Wednesday, October 22, 2014

Thoughts on numeric types

Rust has fixed width integer and floating point types (`u8`, `i32`, `f64`, etc.). It also has pointer width types (`int` and `uint` for signed and unsigned integers, respectively). I want to talk a bit about when to use which type, and comment a little on the ongoing debate around the naming and use of these types.

Choosing a type


Hopefully you know whether you want an integer or a floating point number. From here on in I'll assume you want an integer, since they are the more interesting case. Hopefully you know if you need your integer to be signed or not. Then it gets interesting.

All other things being equal, you want to use the smallest integer you can for performance reasons. Programs run as fast or faster on smaller integers (especially if the larger integer has to be emulated in software, e.g., `u64` on a 32 bit machine). Furthermore, smaller integers will give smaller code.

At this point you need to think about overflow. If you pick a type which is too small for your data, then you will get overflow and usually bugs. You very rarely want overflow. Sometimes you do - if you want arithmetic modulo 2^n where n is 8, 16, 32, or 64, you can use the fixed width type and rely on overflow behaviour. Sometimes you might also want signed overflow for some bit twiddling tricks. But usually you don't want overflow.

If your data could grow to any size, you should use a type which will never overflow, such as Rust's `num::bigint::BigInt`. You might be able to do better performance-wise if you can prove that values might only overflow in certain places and/or you can cope with overflow without 'upgrading' to a wider integer type.

If, on the other hand, you choose a fixed width integer, you are asserting that the value will never exceed that size. For example, if you have an ascii character, you know it won't exceed 8 bits, so you can use `u8` (assuming you're not going to do any arithmetic which might cause overflow).

So far, so obvious. But, what are `int` and `uint` for? These types are pointer width, that means they are the same size as a pointer on the system you are compiling for. When using these types, you are asserting that a value will never grow larger than a pointer (taking into account details about the sign, etc.). This is actually quite a rare situation, the usual case is when indexing into an array, which is itself quite rare in Rust (since we prefer using an iterator).
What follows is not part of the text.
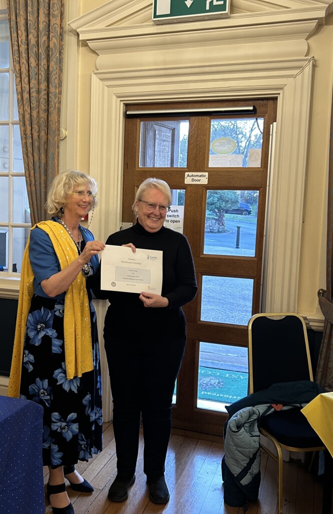 At our club meeting on Wednesday 16th April we were delighted to welcome Rosalind Crowther, from Sackville College, and presented her with a cheque for £441 as a result of the Art Club’s Mince Pie morning which happened before Christmas. We heard that sadly the Art Club was no longer going to run, having met fortnightly for over 10 years. It was the brainchild of Angela who has led it throughout the years but the time has come for it to draw to a close. Many thanks to Angela for her hard work over this time. However we were delighted to hear that the group are still going to run their very popular fundraising Mince Pie morning!!

What you should never do is think "this number is an integer, I'll use `int`". You must always consider the maximum size of the integer and thus the width of the type you'll use.

Language design issues


There are a few questions that keep coming up around numeric types - how to name the types? Which type to use as a default? What should `int`/`uint` mean?

It should be clear from the above that there are only very few situations when using `int`/`uint` is the right choice. So, it is a terrible choice for any kind of default. But what is a good choice? Well first of all, there are two meanings for 'default': the 'go to' type to represent an integer when programming (especially in tutorials and documentation), and the default when a numeric literal does not have a suffix and type inference can't infer a type. The first is a matter of recommendation and style, and the second is built-in to the compiler and language.

In general programming, you should use the right width type, as discussed above. For tutorials and documentation, it is often less clear which width is needed. We have had an unfortunate tendency to reach for `int` here because it is the most familiar and the least scary looking. I think this is wrong. We should probably use a variety of sized types so that newcomers to Rust get aquainted with the fixed width integer types and don't perpetuate the habit of using `int`.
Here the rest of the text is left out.